Se andiamo a esaminare l’evoluzione del project management negli ultimi anni, i fattori che ridefiniscono i confini della disciplina sono essenzialmente due: da una parte l’importanza della gestione delle informazioni, dall’altra delle risorse umane. «Viviamo in un’era in cui abbiamo a disposizione una mole crescente di dati. Il project manager deve essere in grado di assumere decisioni non solo sulla base delle informazioni disponibili, ma anche sulla chiara coscienza di quelle mancanti. Ad aiutarlo in questo processo di scrematura e schematizzazione dei dati oggi ha a disposizioni molti strumenti sviluppatisi grazie all’evoluzione dell’intelligenza artificiale, che permette la rapida implementazione di regole di autoapprendimento. Ma in un contesto dove intervengono normalmente piccoli o grandi imprevisti, il project manager dovrà sempre più far valere le proprie capacità personali e la propria esperienza», illustra Mancini. «La decisione finale sia difronte alla propria struttura che difronte al cliente (che a volte coincidono) spetta al project manager, e questo vale anche nella gestione del team. Tra i suoi obiettivi primari deve esserci la la valorizzazione dei collaboratori ed il loro pieno coinvolgimento, in grado di moltiplicare le capacità di azione del gruppo di lavoro. Suo rimane il compito di guidare questa partecipazione e orientarla proteggendola dalle pressioni degli stakeholder coinvolti nel progetto».

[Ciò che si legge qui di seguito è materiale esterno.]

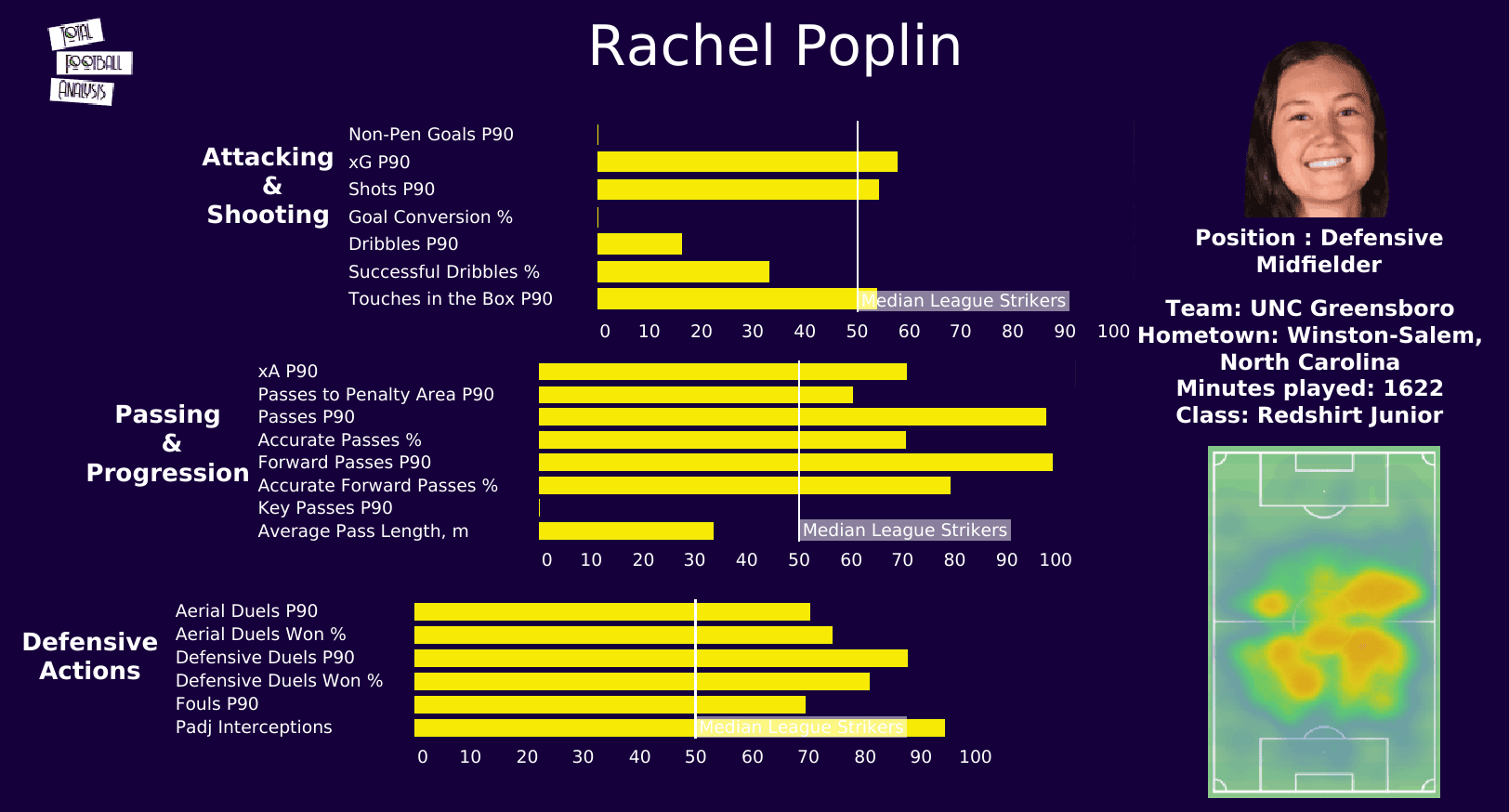 Defensive Midfielder – Rachel Poplin, Redshirt Junior, UNC Greensboro
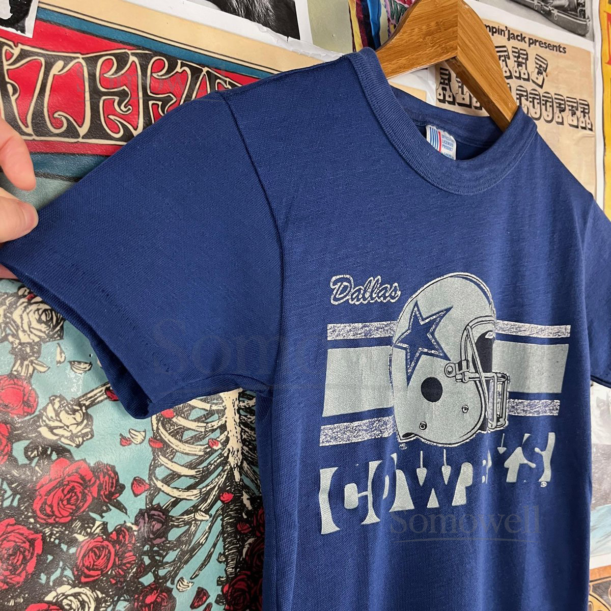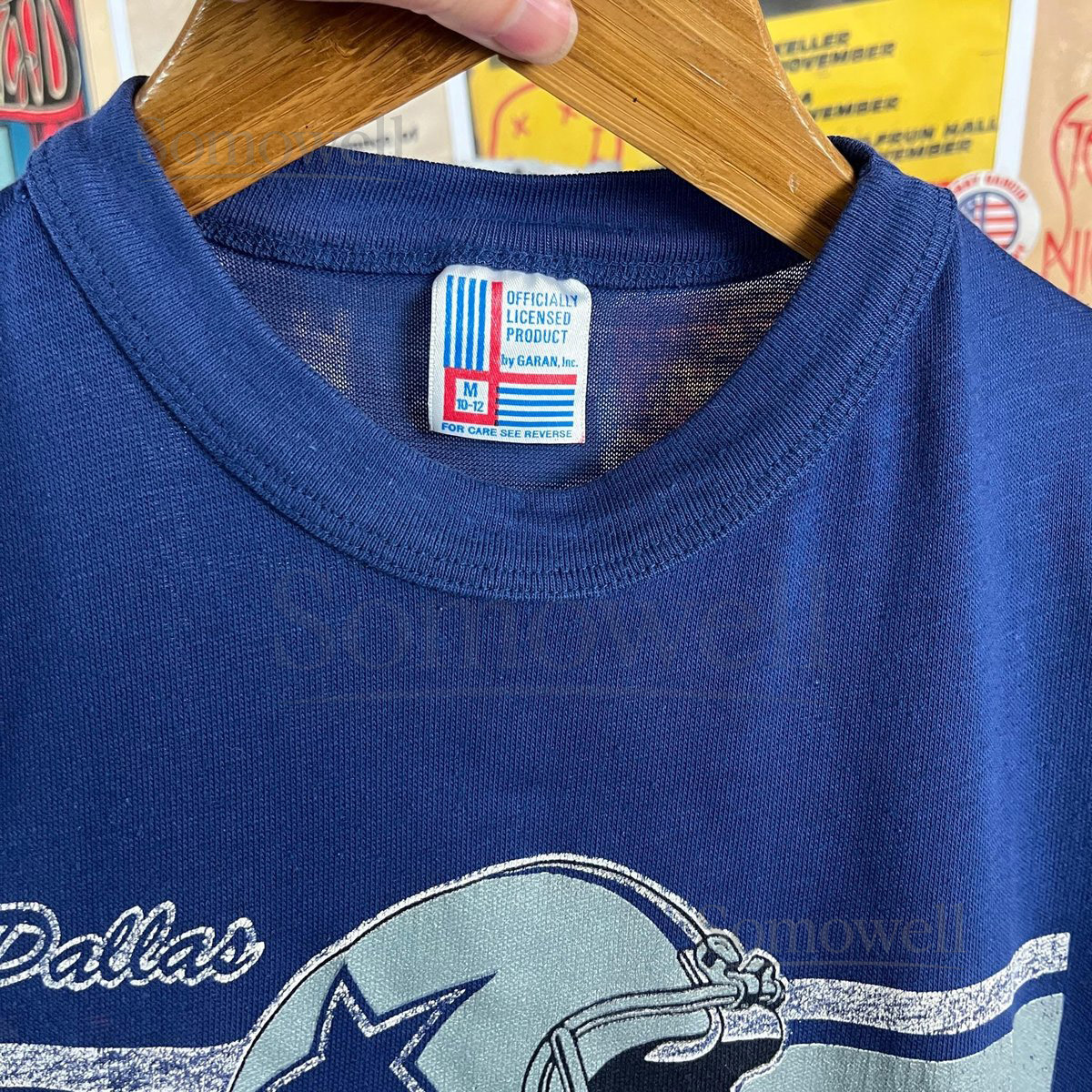 Vintage Kids 80s Navy Blue NFL Dallas Cowboys Football Graphic Crewneck T-Shirt Size 8 Ages 7-8 Retro Football Boys Girls Sportswear Tee Top_596

La didattica digitale espande il networking

Il Percorso executive in Project Management FLEX del MIP affronta questi e altri temi, puntando a formare una figura professionale completa e, soprattutto, aggiornata: «Il percorso ha un formato completamente digitale, che favorisce la partecipazione di manager e professionisti provenienti da un contesto geografico molto allargato. Questo fattore espande le possibilità di networking tra i partecipanti. La didattica», spiega Mancini, «seguirà due binari: sincrono e asincrono. La formazione asincrona permette di acquisire le competenze in autonomia, per poi affinarle e metterle a punto in modalità sincrona, vale a dire interagendo direttamente con i docenti. Il nostro obiettivo non è solo fornire strumenti utili fin da subito, ma anche condividere con i i partecipanti quelle skill necessarie per l’autoapprendimento e la formazione continua, cruciali per affrontare i cambiamenti che caratterizzeranno i decenni a venire».